O Tribunal Regional Eleitoral da Paraíba (Tribunal Regional Eleitoral da Paraíba) decidiu, por unanimidade, rejeitar o pedido de envio de tropas federais para reforçar a segurança nas Eleições Gerais de 2026 no município de Itabaiana. A decisão foi tomada durante sessão ordinária realizada na quinta-feira (2), no julgamento do Processo Administrativo nº 0600063-42.2026.6.15.0000.
O processo teve relatoria do presidente do TRE-PB, desembargador Márcio Murilo da Cunha Ramos, e acompanhou o voto dele o vice-presidente e corregedor regional eleitoral, desembargador João Benedito da Silva, além dos desembargadores eleitorais Kéops Vasconcelos, Rodrigo Clemente de Brito Pereira, Helena Fialho e Euller Paulo de Moura Jansen.
O pedido havia sido apresentado pelo juiz da 6ª Zona Eleitoral, com sede em Itabaiana, que apontou um cenário de possível conflito entre facções criminosas e a necessidade de reforço na segurança durante o processo eleitoral.
Ao analisar o caso, o presidente do TRE-PB destacou que o uso de tropas federais é previsto apenas em situações excepcionais, quando fica comprovada a incapacidade das forças estaduais de garantir a normalidade do pleito. Segundo o entendimento da Corte, essa condição não foi demonstrada no caso.

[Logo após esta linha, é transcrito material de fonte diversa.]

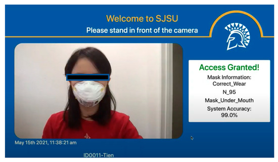 31]. At the gate of controlled and restricted buildings, the Spartan system runs on the edge devices. Visitors with masks should face the camera in order to allow the system to detect the faces and generate predictions.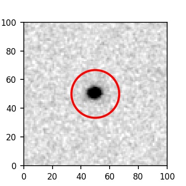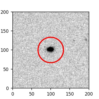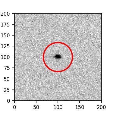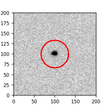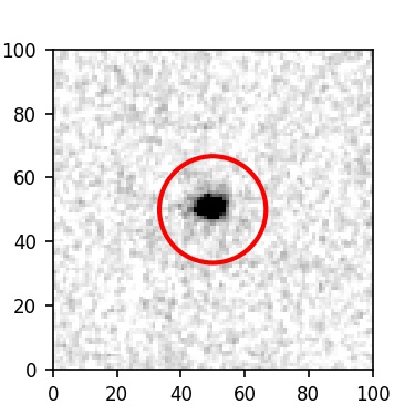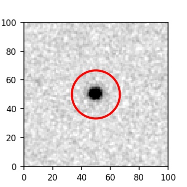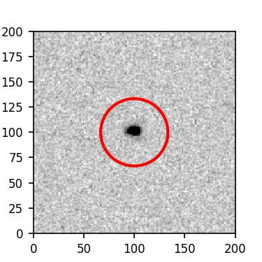The red circle in the various panels is 1" in radius. The images are 6"x6".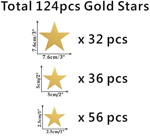 Vinyl Total Contain: Set of 124pcs gold stars stickers includes 32pcs – 3” gold star stickers; 36pcs – 2” gold star stickers; 56 – 1” gold star sti…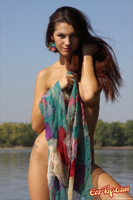 Молодая голая девушка с красивой грудью позирует на берегу озера. Очаровательная особа с густыми длинными волосами, смазливым личиком и потрясающей фигуркой смотрится очень сексуально и возбуждает с первых же фотографий. Её упругие титьки идеальной формы, подтянутые и выпирающие вперёд - просто невероятны, на них хочется смотреть очень долго, не отводя взгляда... Так же у красавицы заманчивая пися с небольшим пушком из лобковых волос, очень притягательная и располагающая к сладким, непристойным фантазиям...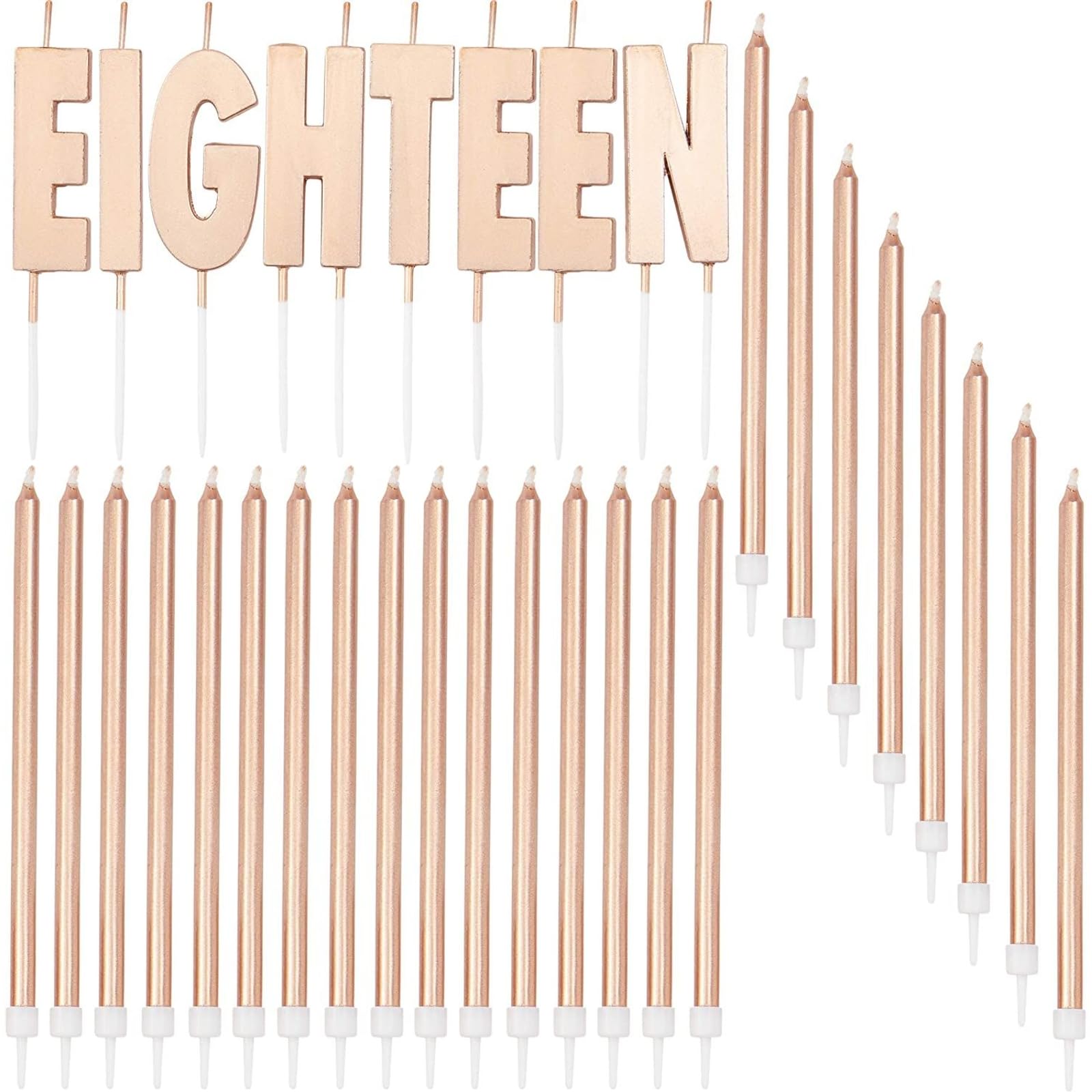 - Original Birthday Candles – Eighteen Birthday Letter Candles in Holders (Rose Gold, Pack of 32) by Blue Panda

O voto também considerou informações do Governo da Paraíba, que afirmou possuir condições operacionais para assegurar a realização das eleições, com planejamento específico, reforço do efetivo em áreas sensíveis, incluindo Itabaiana, e monitoramento permanente durante o período eleitoral.
Apesar do indeferimento do pedido, a Corregedoria Regional Eleitoral e o Ministério Público Eleitoral defenderam a intensificação do policiamento no município, com reforço da Polícia Militar e da Polícia Federal para prevenção de crimes eleitorais e manutenção da ordem pública.
Após a decisão, o presidente do TRE-PB afirmou em entrevista que o tema foi precedido por uma série de reuniões com órgãos de segurança. “Fiz muitas reuniões com o pessoal do Exército, da Polícia Federal, da Polícia Civil e com juízes das comarcas. Muitas reuniões. É por isso que demorou um pouquinho, porque precaução é sempre bom”, disse.
Ele também informou que outros pedidos de envio de tropas federais feitos por zonas eleitorais da Paraíba devem ser analisados nos próximos dias, de forma individual. “Cada zona eleitoral é um parecer independente, é uma situação independente, são fatos independentes”, afirmou.